Just as a matter of point I happen to like both Lemons and bananas and I don't mind the Sun either. If we are not talking about fruit that is yellow, another thing that is also yellow that lots of people like is gold. Now Gold is one of those things that can be spoken about I suspect for pages and pages and here I am not going to go into it here in any great detail.

One thing that has just stopped me cold is the sudden realisation that the word yellow is one that looks strange when you stop to think about it. I don't know at this time where the word came from and I have not yet had the time to look up to see how other people in the world describe objects that are yellow.

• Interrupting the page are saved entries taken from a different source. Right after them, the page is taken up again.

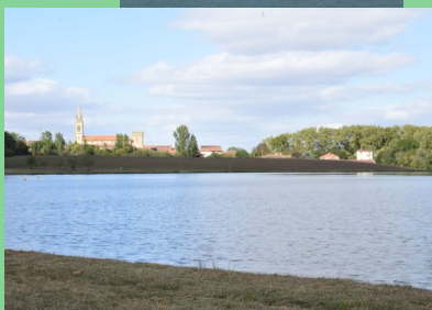
Base de Loisirs à Saramon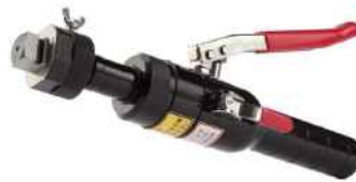
横切刃物セット例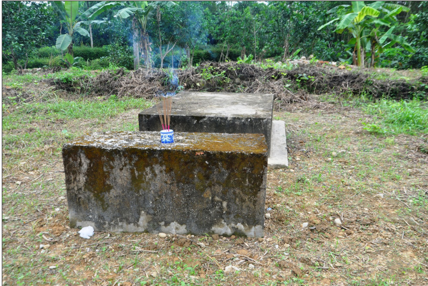
Hình 4: Hiện trạng tẩm mộ Mục Vương.

Tẩm mộ Mục Vương nằm về phía bên phải (từ trong nhìn ra), có bình đồ hình chữ nhật, bao gồm hai vòng thành (thành nội, thành ngoại), (nội phương - ngoại phương), với tổng chu vi là 79,6m 2 , bao gồm các đơn nguyên kiến trúc: bình phong tiền, án thờ, tẩm mộ.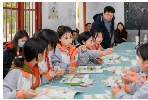
（专家名师在 3 所项目学校走访、听评课，与校长老师们交流）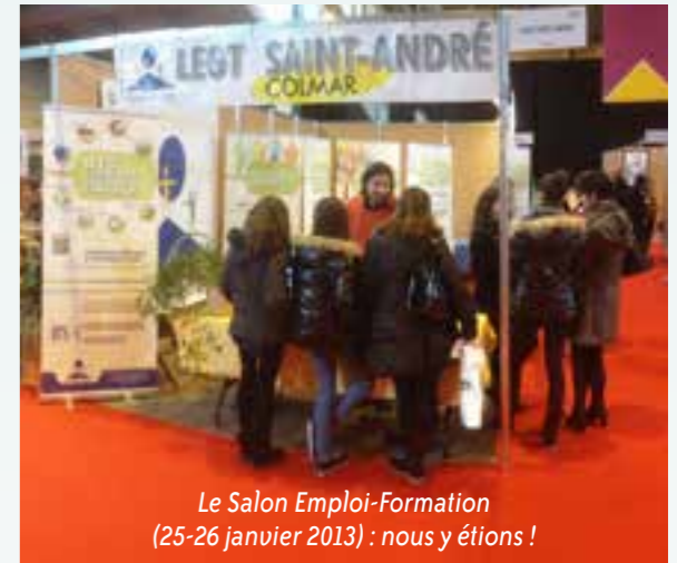
Le Salon Emploi-Formation (25-26 janvier 2013) : nous y étions !

A venir: une immersion en lettres-philosophie le 12 février et une immersion en droit le 14 février.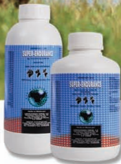
* SUPER ENDURANCE COMPLEMENTO ALIMENTICIO Reg. SAGARPA No. Q-1069-100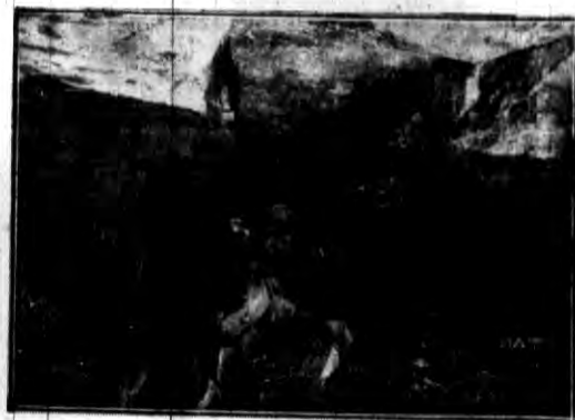
Prace wykopaliskowe i konserwatorskie w Trembowli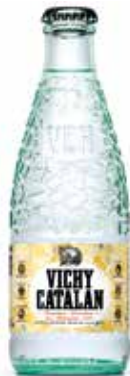
VICHY CATALÁN C/24 x 1/4 Ret. Ref.: 73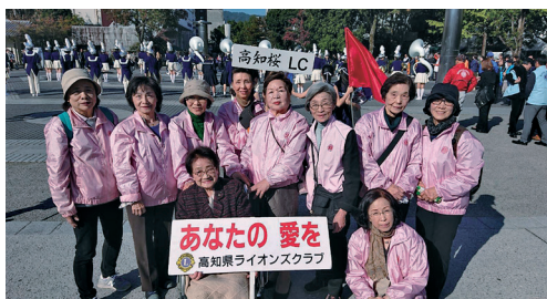
桜色のブルゾンは若々しくて ゲニ目立つから笑顔になるネー

「あらステキ!」「パワフル!」と言ってもらえるには？と、考えたスタイルでした。それが続いているって、嬉しい!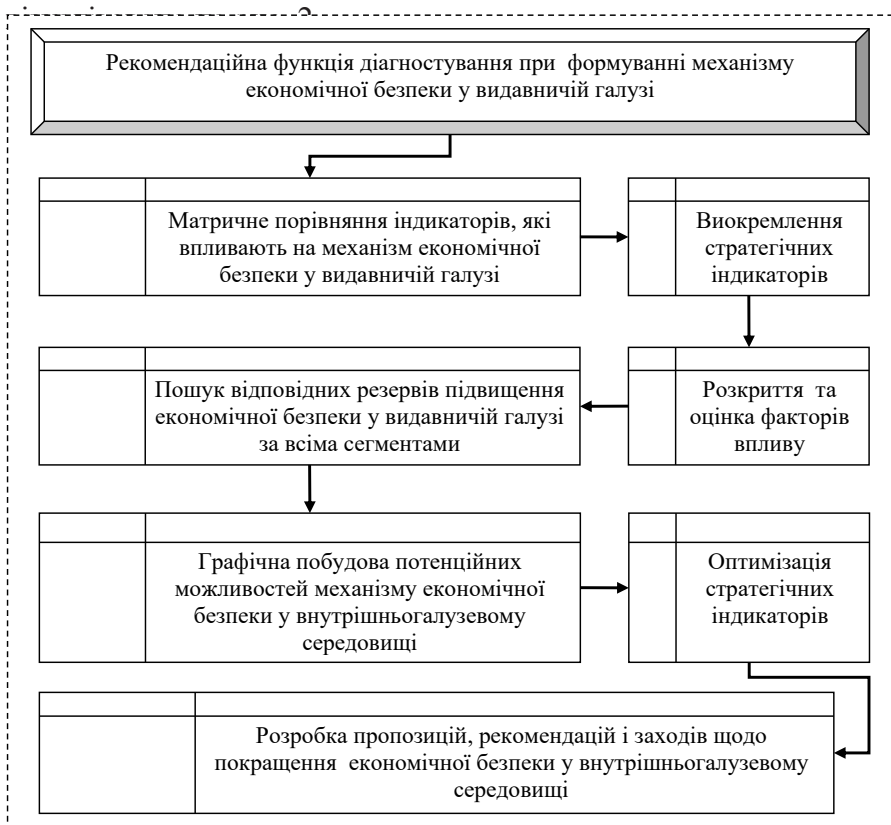
Рис 2. Етапи реалізації рекомендаційної функції діагностування при формуванні механізму економічної безпеки у видавничій галузі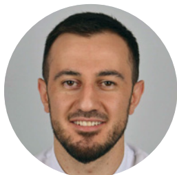
Врач-ортопед, терапевт (Нижневартовск)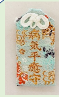
①⑩ 病気平癒守 (縦 8.8 cm、横 4 cm)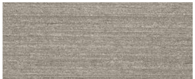
LO DB 703 + Zugabe Mixol Silber 3-5%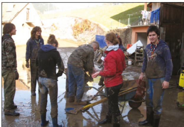
Slika 9: Odpravljanje posledic poplav v Dravogradu leta 2012

Med migrantsko krizo 2015 je ZSKSS pomagalo v državnem logističnem centru na Rojah ter na več lokacijah, kjer so bili vzpostavljeni t. i. nastanitveni in sprejemni centri: Brežice – policijska postaja, Gornja Radgona – sejmišče, Gruškovje – mednarodni mejni prehod, Lendava – skladišče Intereurope, Ljubljana – tri lokacije, Logatec – center vojnih veteranov, Obrežje – železniška postaja, Planinski dom Partizanka, Postojna – center za tujce, Rigonce – mejni prehod, Šentilj – mednarodni mejni prehod, Vrhnika – Vojašnica 26. oktobra. Pomoč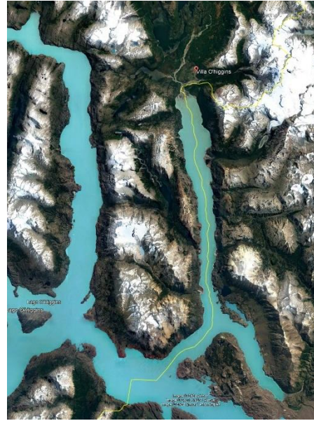
Área de Postulación Aysén Sur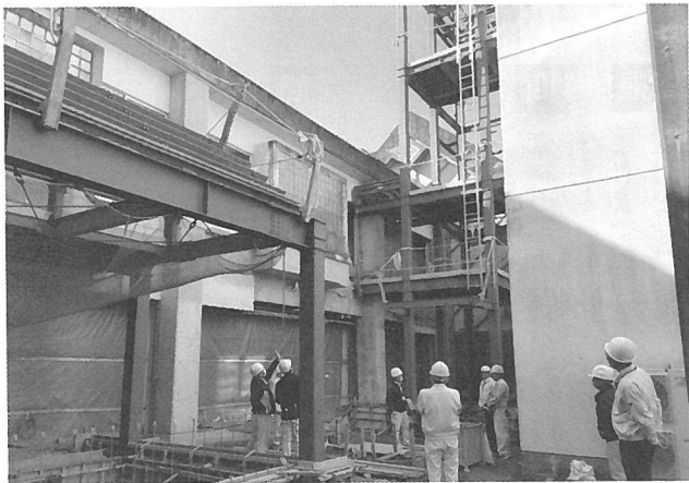
中学校エレベーター設置工事の様子

ム等で、月額72,820円、年873,840円が見込まれている。また、校内バリアフリー化事業も目指し、並行して行われている所であり、今後とも安全第一を基本に工期内の完成を求め、完成後のエレベーター利用については、学校参観、高齢者への配慮も十分検討する事が肝要である。

If other languages have a very similar word to yellow, I suppose this could mean that we share a common language and a common way of looking at coloured objects. If the English word came from the Latin then it would I suppose be no surprise that a lot of European countries will have a word that looks very similar to describe yellow.

Well after all that I then did a few hours or so of research, like you do and I think I may have got just a bit carried away, anyway here I present what I found, hopefully its not too much in the school teacher mode, I hope you find it at least interesting so lets get on with it colour fills our world with beauty. We delight in the colours of a magnificent sunset and in the bright red and golden-yellow leaves of autumn. We are charmed by gorgeous flowering plants and the brilliantly coloured arch of a rainbow.

I know this is starting to sound just a bit flowery and I appear to be repeating myself but honest I will get on with it and tell you things that you promptly forgot when told at school. We also use colour in various ways to add pleasure and interest to our lives. For example, many people choose the colours of their clothes carefully and decorate their homes with colours that create beautiful, restful, or exciting effects. By their selection and arrangement of colours, artists try to make their paintings more realistic or expressive. And most of the time I think they get it right, an example would be W.Turner and his sunsets, don’t tell me that it does not evoke some of the sunsets that you have seen yourself, this assumes that you are not colour blind, and if you are all I can say is sorry.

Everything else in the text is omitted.